_To do_
An exact copy of every entry is the answer here, with no pictures.

_Data records_

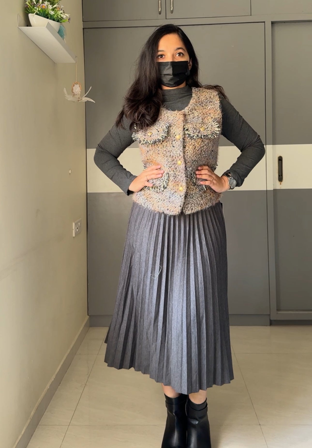 The model in the picture is 5 ft 3 inches and wearing a size M
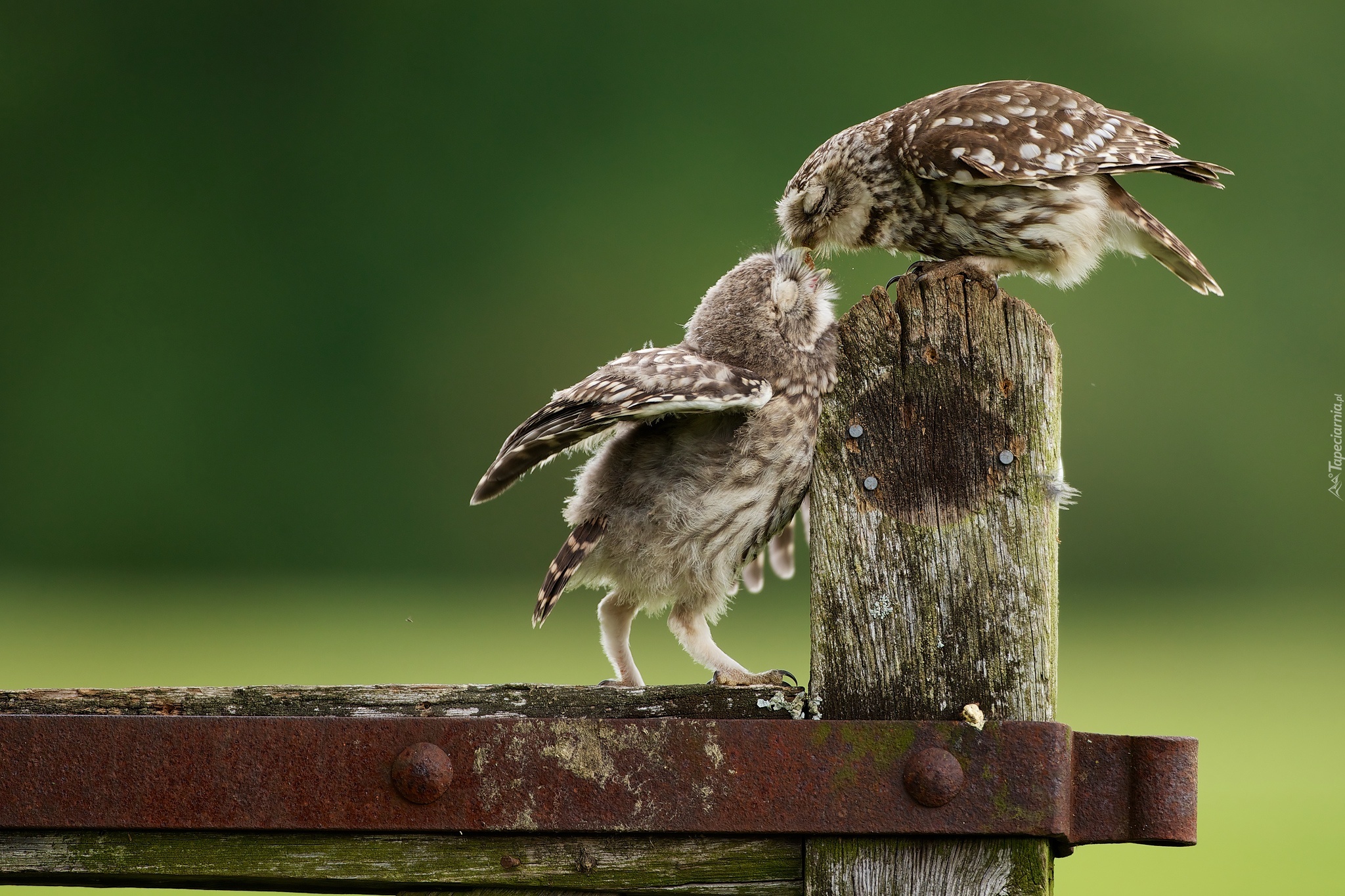 Edytor tapety: Dwie, Sowy, Pójdźki, Płotek
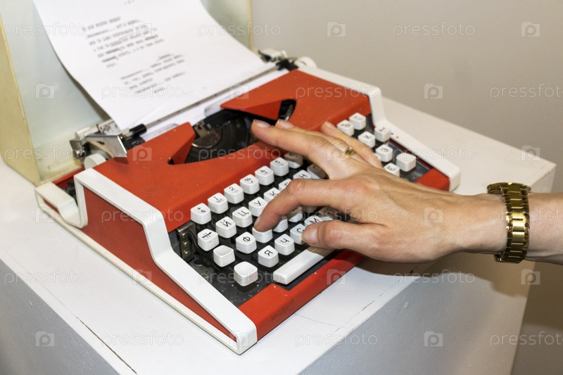 Женщина печатает на старой, винтажной русской пишущей машине
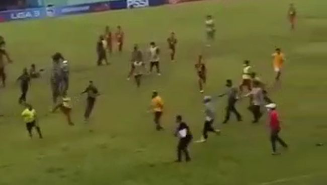 Laga liga 3 antara NZR Sumbersari FC vs Farmel FC ricuh. Wasit menjadi sasaran pukulan dan tendangan pemain dan official NZR Sumbersari.
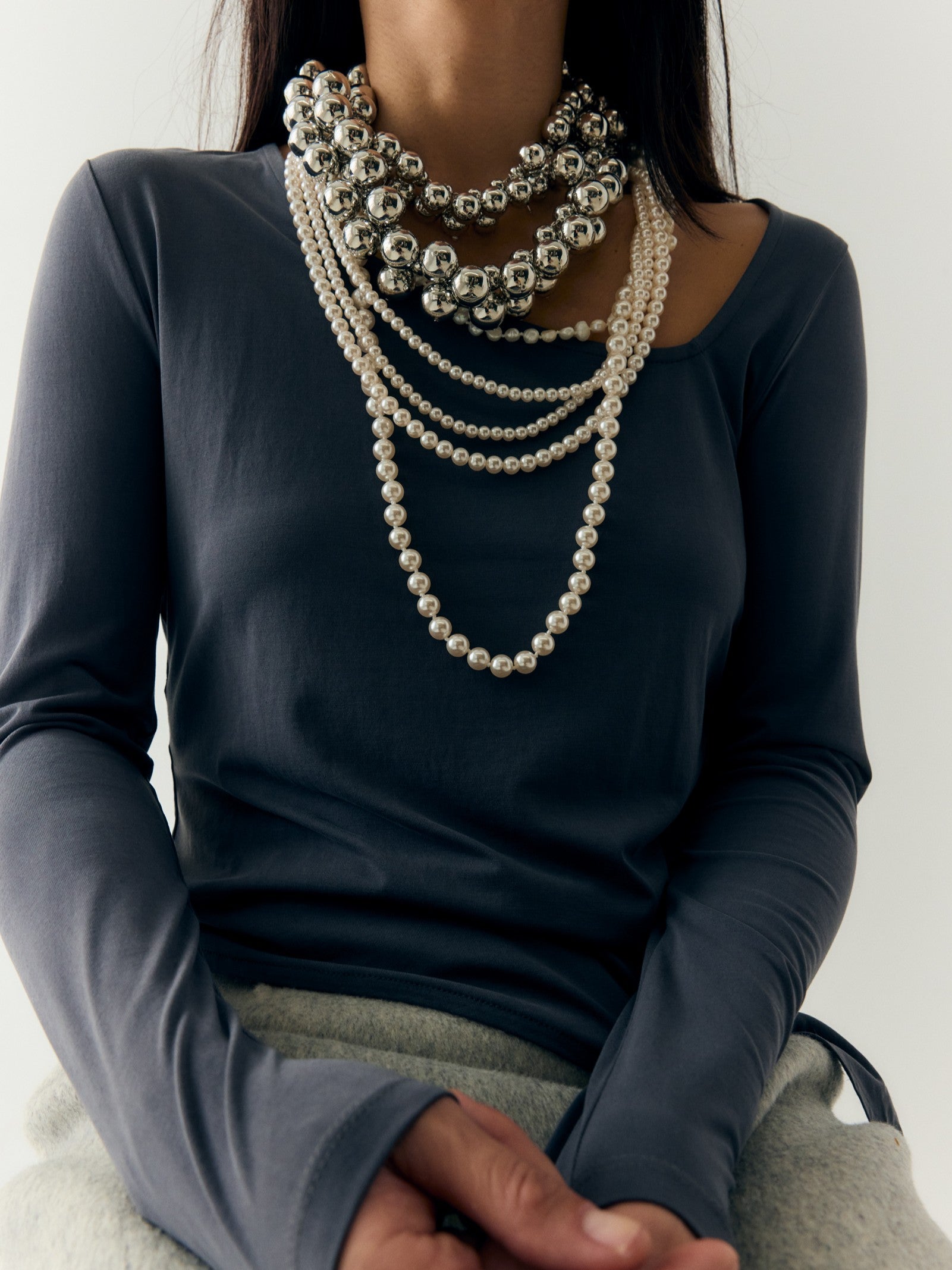 Collar XL, fet amb diverses tires de perla de riu i perla amb nucli de vidre, a diferents alçades.
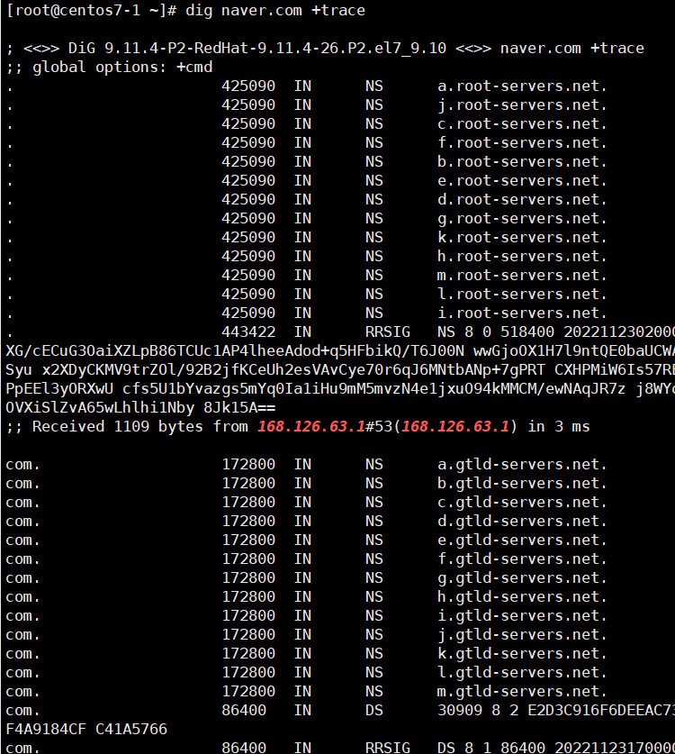 # dig naver.com +trace
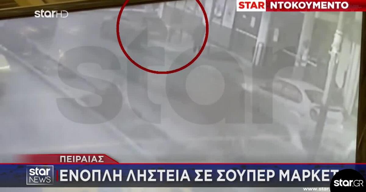 Στις εικόνες από βίντεο ντοκουμέντο που παρουσίασε στο Μεσημεριανό Δελτίο Ειδήσεων του Star ο Αλέξανδρος Γύγος έχει καταγραφεί η ληστεία μόλις 20 λεπτά αφού άνοιξε το σούπερ μάρκετ που βρίσκεται σε κεντρικό δρόμο επί της Θηβών στον Πειραιά.
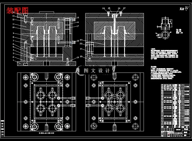 根据塑料制品的要求,了解塑件的用途,分析塑件的工艺性、尺寸精度等技术要求,考虑塑件制件尺寸。本模具采用一模四腔,侧浇口进料,注射机采用HTF 160×2A型号,设置冷却系统,CAD和CAD2008绘制二维总装图和零件图,选择模具合理的加工方法。附上说明书,系统地运用简要的文字,简明的示意图和和计算等分析塑件,从而作出合理的模具设计。 关键词:机械设计;模具设计;CAD绘制二维图;CAD2008绘制2D图。
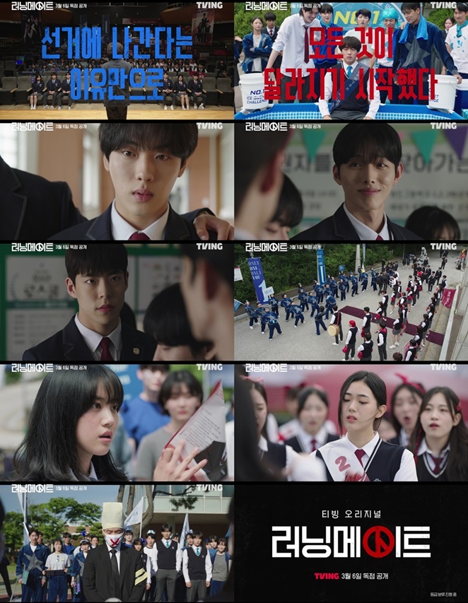 티빙 오리지널 '러닝메이트'(연출·극본 한진원) 측은 10일 새파란 아이들의 새빨간 정치질이 호기심을 자극하는 출사표 포스터와 티저 예고편을 공개했다.
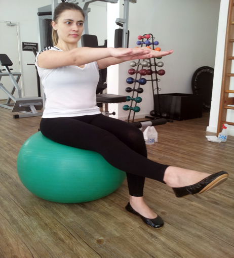 Sentada em uma bola suíça* ou cadeira – *só usar a bola se já tiver experiência com esse tipo de material. O exercício realizado na cadeira também é muito eficiente.
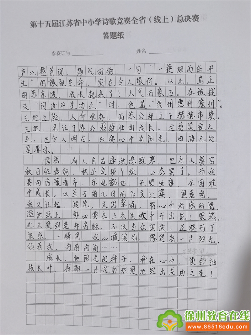 总决赛的舞台上,参赛选手需要参加笔试和现场诗歌朗诵两个环节,笔试涵盖诗歌创作、诗歌作文、诗歌仿写、诗歌默写、诗歌鉴赏等7个部分,邢展鹏同学与其他晋级选手同台竞技,凭借着厚重的诗词功底和机智的应变能力,一路过关斩将,最终载誉归来。
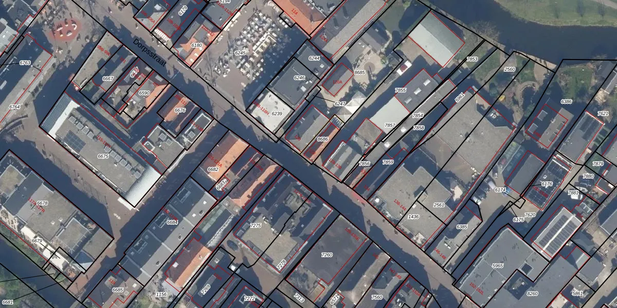 Gebruik de zoekbalk of klik op een perceel voor informatie over de adressen binnen dit perceel.
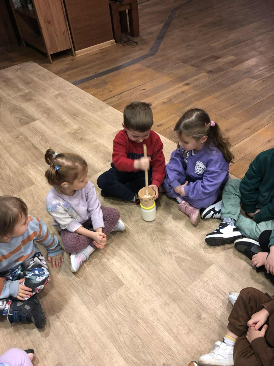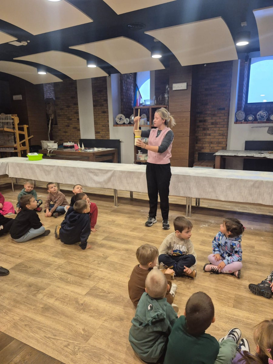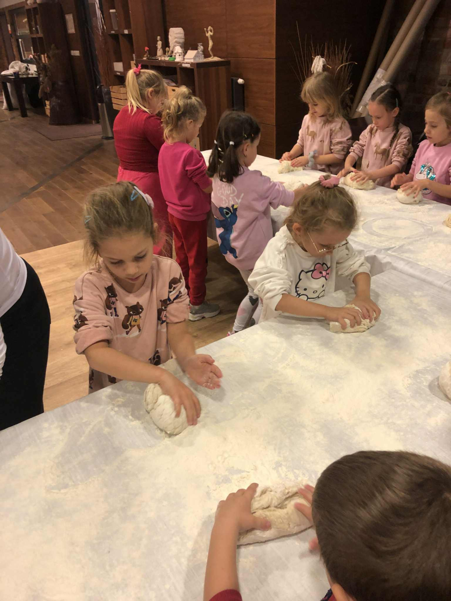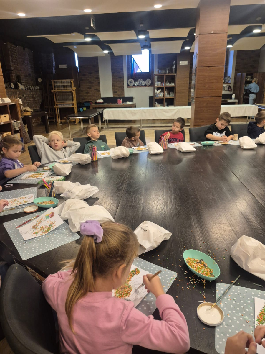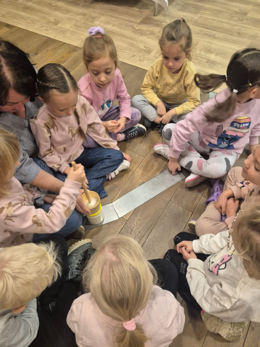 Najmłodsi z zaciekawieniem poznawali różne rodzaje zbóż – pszenicę, żyto, jęczmień i owies. Dowiedzieli się, jak wygląda droga ziarna od pola aż do stołu – od siewu, przez mielenie zboża, aż po wypiek pachnącego chleba. Dzieci mogły wszystkiego dotknąć, powąchać i spróbować swoich sił w wyrabianiu ciasta, a także ubijały śmietanę, by zrobić prawdziwe masło, co sprawiło im ogromną radość.
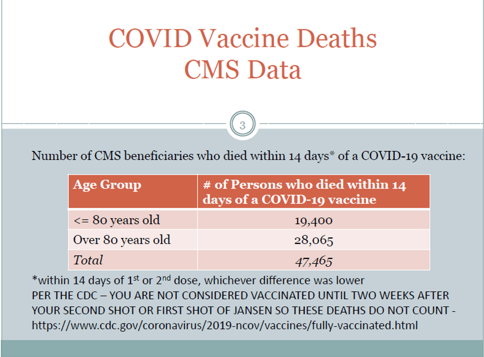 As part of Renz's PowerPoint that he is using in his lawsuits, he quarried data from CMS that nets 47,465 deaths within 14 days of either the first or second shot.
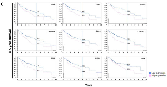 Survival analysis was performed taking advantage of data at the pathology section of The Human Protein Atlas (https://www.proteinatlas.org/humanproteome/pathology (accessed on 15 February 2021)). Only proteins whose high expression was correlated with poor survival rate (p < 0.05) were selected for subsequent analysis.
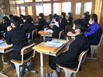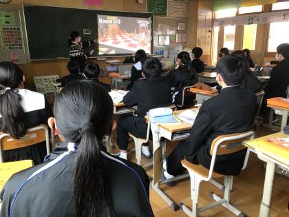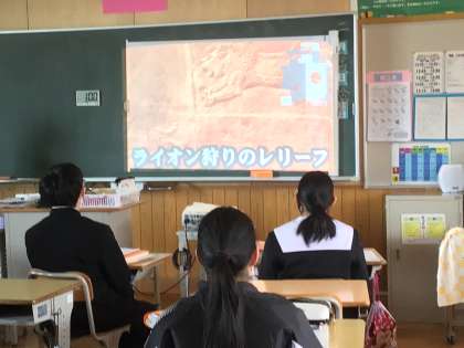 1年生の英語科の授業の様子です。大英博物館の映像を使って学習を進めていました。
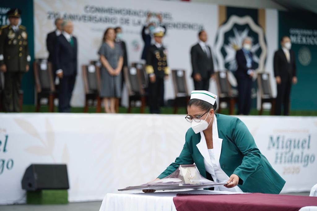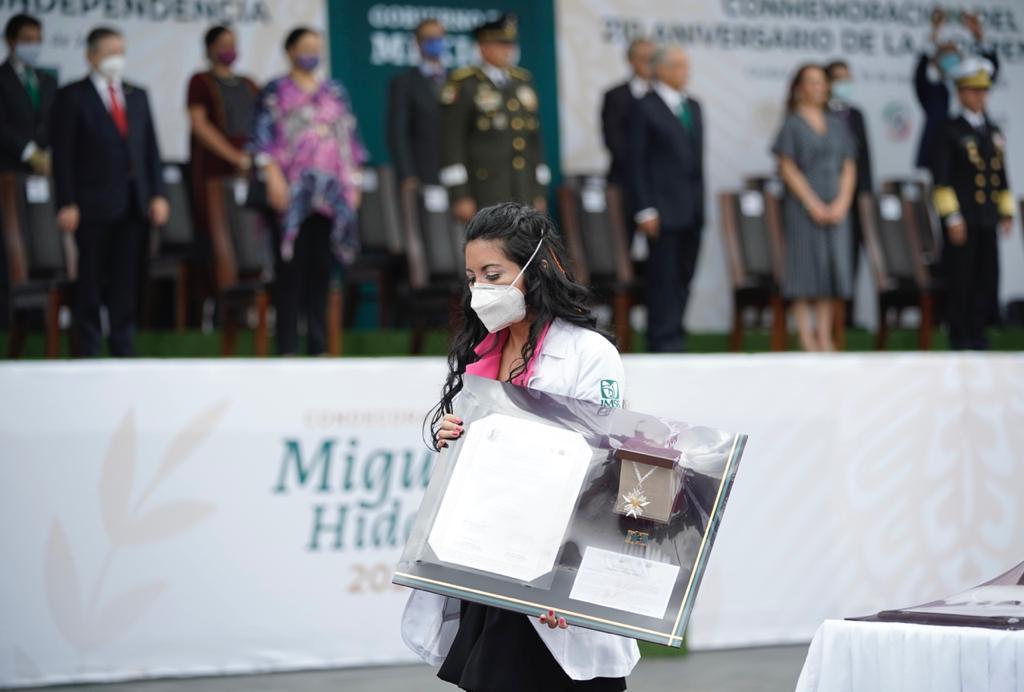 Por su actitud heroica, profesionalismo, alto nivel de compromiso y servicios prestados a la patria ante la emergencia sanitaria por COVID-19, el Gobierno de México entregó a personal médico y de enfermería de todo el sector salud 58 preseas en Grado Collar de la Condecoración Miguel Hidalgo, de las cuales 22 fueron para trabajadores del Instituto Mexicano del Seguro Social (IMSS).
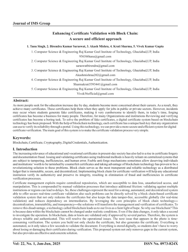 • Enhancing Certificate Validation with Block Chain: A secure and efficient approach
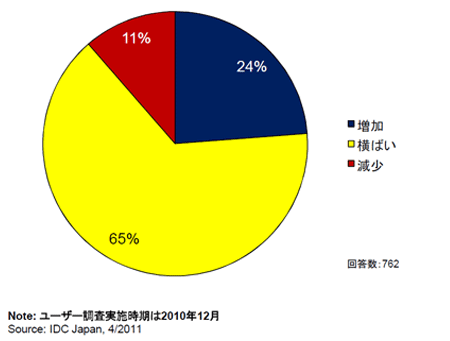 DR対策に対する2009年から10年にかけての支出増減、10年から11年にかけての予算増減に関する調査結果では、「増加」の回答が「減少」を大きく上回っており、投資の回復が感じられる結果となった。東日本大震災を受け、今後、さらにこれまでのDR対策を見直す動きが需要として加わる見込みだ。
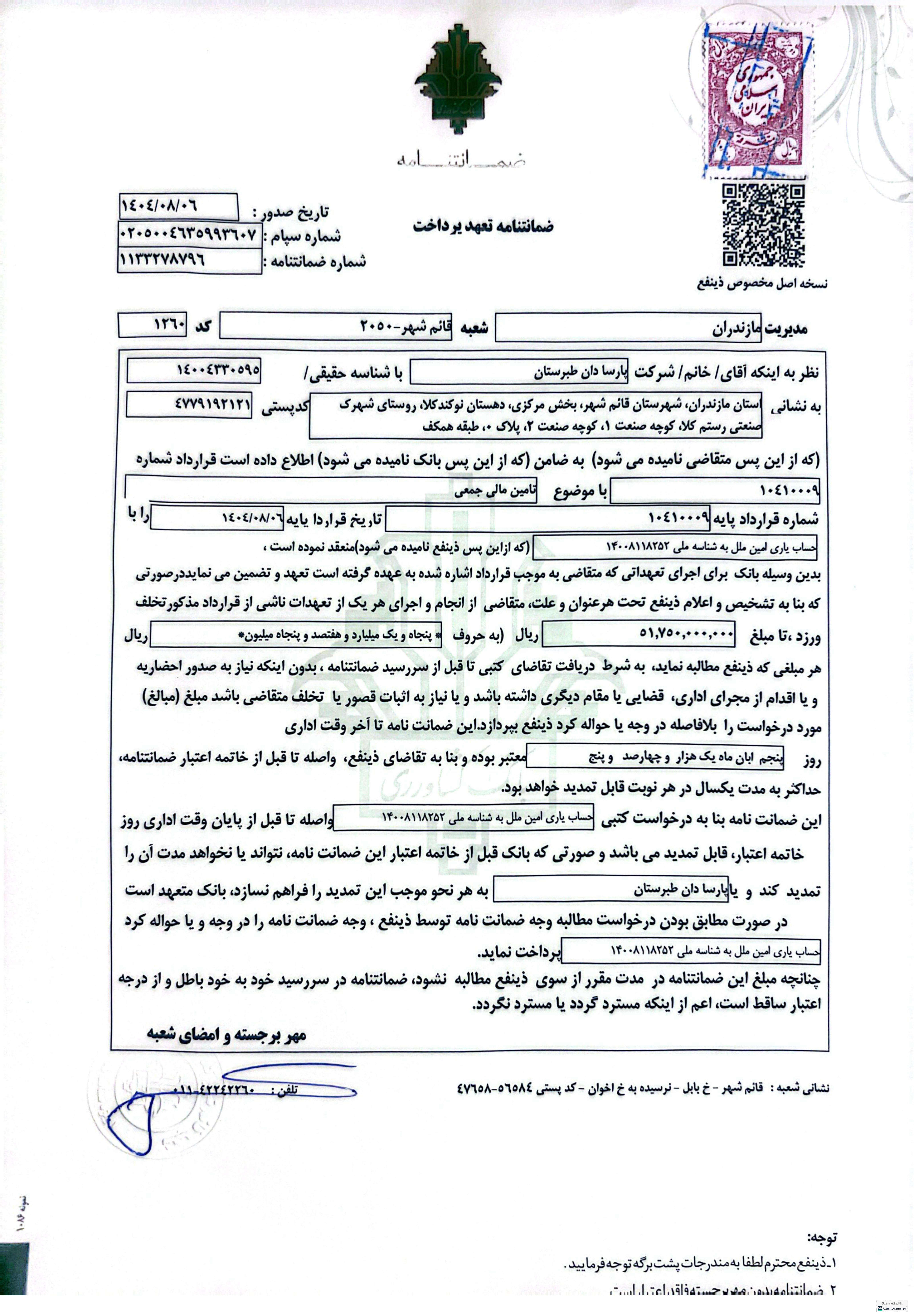 اصل سرمایه توسط متقاضی ضمانت شده است. شماره سپام ضمانت نامه صادر شده از سوی بانک کشاورزی، 0205004635993607 می باشد و تا تاریخ 1405/08/05 اعتبار داشته و با درخواست شرکت حساب یاری امین ملل قابل تمدید میباشد.
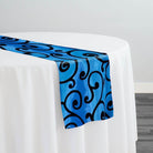 Swirl Flocking Taffeta Table Runner in Black on Royal
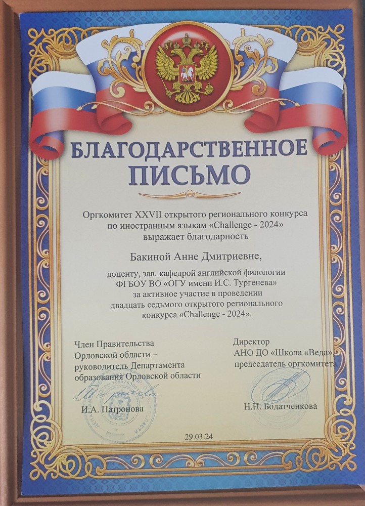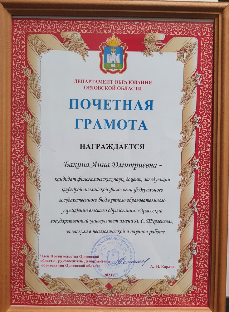 - Удостоверение о повышении квалификации № 571803378787 от 03.04.2023 "Актуальные вопросы лингвистики и лингводидактики в контексте межкультурной коммуникации " 16 час. ОГУ имени И.С. Тургенева

_Response to the task_
 The model in the picture is 5 ft 3 inches and wearing a size M
 Edytor tapety: Dwie, Sowy, Pójdźki, Płotek
 Женщина печатает на старой, винтажной русской пишущей машине
 Laga liga 3 antara NZR Sumbersari FC vs Farmel FC ricuh. Wasit menjadi sasaran pukulan dan tendangan pemain dan official NZR Sumbersari.
 Collar XL, fet amb diverses tires de perla de riu i perla amb nucli de vidre, a diferents alçades.
 # dig naver.com +trace
 Στις εικόνες από βίντεο ντοκουμέντο που παρουσίασε στο Μεσημεριανό Δελτίο Ειδήσεων του Star ο Αλέξανδρος Γύγος έχει καταγραφεί η ληστεία μόλις 20 λεπτά αφού άνοιξε το σούπερ μάρκετ που βρίσκεται σε κεντρικό δρόμο επί της Θηβών στον Πειραιά.
 根据塑料制品的要求,了解塑件的用途,分析塑件的工艺性、尺寸精度等技术要求,考虑塑件制件尺寸。本模具采用一模四腔,侧浇口进料,注射机采用HTF 160×2A型号,设置冷却系统,CAD和CAD2008绘制二维总装图和零件图,选择模具合理的加工方法。附上说明书,系统地运用简要的文字,简明的示意图和和计算等分析塑件,从而作出合理的模具设计。 关键词:机械设计;模具设计;CAD绘制二维图;CAD2008绘制2D图。
 티빙 오리지널 '러닝메이트'(연출·극본 한진원) 측은 10일 새파란 아이들의 새빨간 정치질이 호기심을 자극하는 출사표 포스터와 티저 예고편을 공개했다.
 Sentada em uma bola suíça* ou cadeira – *só usar a bola se já tiver experiência com esse tipo de material. O exercício realizado na cadeira também é muito eficiente.
 总决赛的舞台上,参赛选手需要参加笔试和现场诗歌朗诵两个环节,笔试涵盖诗歌创作、诗歌作文、诗歌仿写、诗歌默写、诗歌鉴赏等7个部分,邢展鹏同学与其他晋级选手同台竞技,凭借着厚重的诗词功底和机智的应变能力,一路过关斩将,最终载誉归来。
 Gebruik de zoekbalk of klik op een perceel voor informatie over de adressen binnen dit perceel.
 Najmłodsi z zaciekawieniem poznawali różne rodzaje zbóż – pszenicę, żyto, jęczmień i owies. Dowiedzieli się, jak wygląda droga ziarna od pola aż do stołu – od siewu, przez mielenie zboża, aż po wypiek pachnącego chleba. Dzieci mogły wszystkiego dotknąć, powąchać i spróbować swoich sił w wyrabianiu ciasta, a także ubijały śmietanę, by zrobić prawdziwe masło, co sprawiło im ogromną radość.
 As part of Renz's PowerPoint that he is using in his lawsuits, he quarried data from CMS that nets 47,465 deaths within 14 days of either the first or second shot.
 Survival analysis was performed taking advantage of data at the pathology section of The Human Protein Atlas (https://www.proteinatlas.org/humanproteome/pathology (accessed on 15 February 2021)). Only proteins whose high expression was correlated with poor survival rate (p < 0.05) were selected for subsequent analysis.
 1年生の英語科の授業の様子です。大英博物館の映像を使って学習を進めていました。
 Por su actitud heroica, profesionalismo, alto nivel de compromiso y servicios prestados a la patria ante la emergencia sanitaria por COVID-19, el Gobierno de México entregó a personal médico y de enfermería de todo el sector salud 58 preseas en Grado Collar de la Condecoración Miguel Hidalgo, de las cuales 22 fueron para trabajadores del Instituto Mexicano del Seguro Social (IMSS).
 • Enhancing Certificate Validation with Block Chain: A secure and efficient approach
 DR対策に対する2009年から10年にかけての支出増減、10年から11年にかけての予算増減に関する調査結果では、「増加」の回答が「減少」を大きく上回っており、投資の回復が感じられる結果となった。東日本大震災を受け、今後、さらにこれまでのDR対策を見直す動きが需要として加わる見込みだ。
 اصل سرمایه توسط متقاضی ضمانت شده است. شماره سپام ضمانت نامه صادر شده از سوی بانک کشاورزی، 0205004635993607 می باشد و تا تاریخ 1405/08/05 اعتبار داشته و با درخواست شرکت حساب یاری امین ملل قابل تمدید میباشد.
 Swirl Flocking Taffeta Table Runner in Black on Royal
 - Удостоверение о повышении квалификации № 571803378787 от 03.04.2023 "Актуальные вопросы лингвистики и лингводидактики в контексте межкультурной коммуникации " 16 час. ОГУ имени И.С. Тургенева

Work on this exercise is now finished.